The return-to-office trend doesn’t show signs of slowing down, according to ResumeBuilder.com. The job-seekers resource recently surveyed nearly 1,000 business leaders in the United States and found that almost half of companies will require employees to be in the office at least four days a week in 2026.
What’s more, 1 in 8 companies are increasing the number of required days in the office in 2026, citing a desire to improve productivity and bolster company culture.
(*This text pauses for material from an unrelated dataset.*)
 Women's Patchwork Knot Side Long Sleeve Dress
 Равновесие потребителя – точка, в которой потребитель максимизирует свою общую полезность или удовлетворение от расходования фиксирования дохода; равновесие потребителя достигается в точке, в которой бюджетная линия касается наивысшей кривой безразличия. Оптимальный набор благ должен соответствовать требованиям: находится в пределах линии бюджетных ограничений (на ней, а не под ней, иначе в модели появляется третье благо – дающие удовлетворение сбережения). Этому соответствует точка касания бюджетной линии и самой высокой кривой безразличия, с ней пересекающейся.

And 3 in 10 companies won’t allow employees to work remotely at all.
“Many leaders claim to support hybrid work but are calling employees back more often because of underlying pressures and old habits,” Stacie Haller, chief career advisor at ResumeBuilder.com, said in a just-published report about the survey. “They equate visibility with productivity and fear losing culture and collaboration.”
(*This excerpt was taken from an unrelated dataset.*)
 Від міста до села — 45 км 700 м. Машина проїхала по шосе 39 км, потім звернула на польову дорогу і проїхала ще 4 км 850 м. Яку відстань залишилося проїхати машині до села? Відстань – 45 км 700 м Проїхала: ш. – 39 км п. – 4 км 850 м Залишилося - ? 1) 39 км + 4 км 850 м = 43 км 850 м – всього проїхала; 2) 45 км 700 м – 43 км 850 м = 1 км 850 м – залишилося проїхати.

Indeed, according to the survey, “most business leaders still believe hybrid work is the best model, even as their companies move in the opposite direction. While 28% of companies currently require employees to be in the office five days a week, only 16% of leaders think that should be the standard. The majority say three days per week is ideal (27%), followed by two days (19%) and four days (13%).”
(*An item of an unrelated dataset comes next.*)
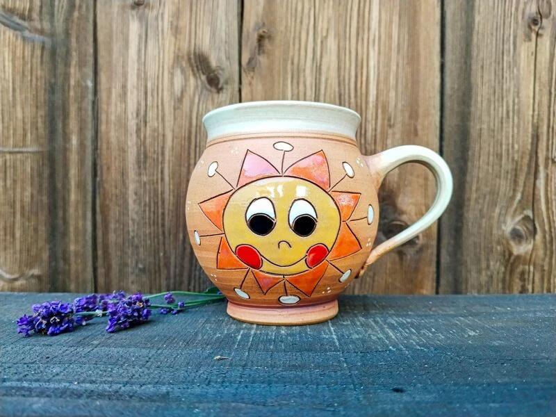 Každý hrnek je ručně točený na hrnčířském kruhu a zdobený originálním obrázkem malovaným glazurami. Díky této pečlivé ruční práci je každý kus opravdovým originálem, který vnese do vaší kuchyně osobité kouzlo.

Other studies back hybrid work proponents.
“Research shows that increasing office attendance does not automatically improve productivity or culture; those assumptions are largely outdated post-pandemic,” Haller added. “Culture thrives not from proximity but from intentional communication, inclusion, and trust. Forcing more office days can erode engagement and morale, especially if employees see no clear benefit. The most successful hybrid models focus on purposeful presence, bringing people together for collaboration, creativity, and connection. In today’s workforce, autonomy and meaningful interaction drive culture more than physical attendance.”
All that said, fewer than one-third of companies (28%) incentivize employees to come to the office. But among those that do, the reports notes, the most common incentives are social events (55%), catered meals (51%), and commuter benefits (51%), while fewer offer raises (34%), or child care benefits (30%).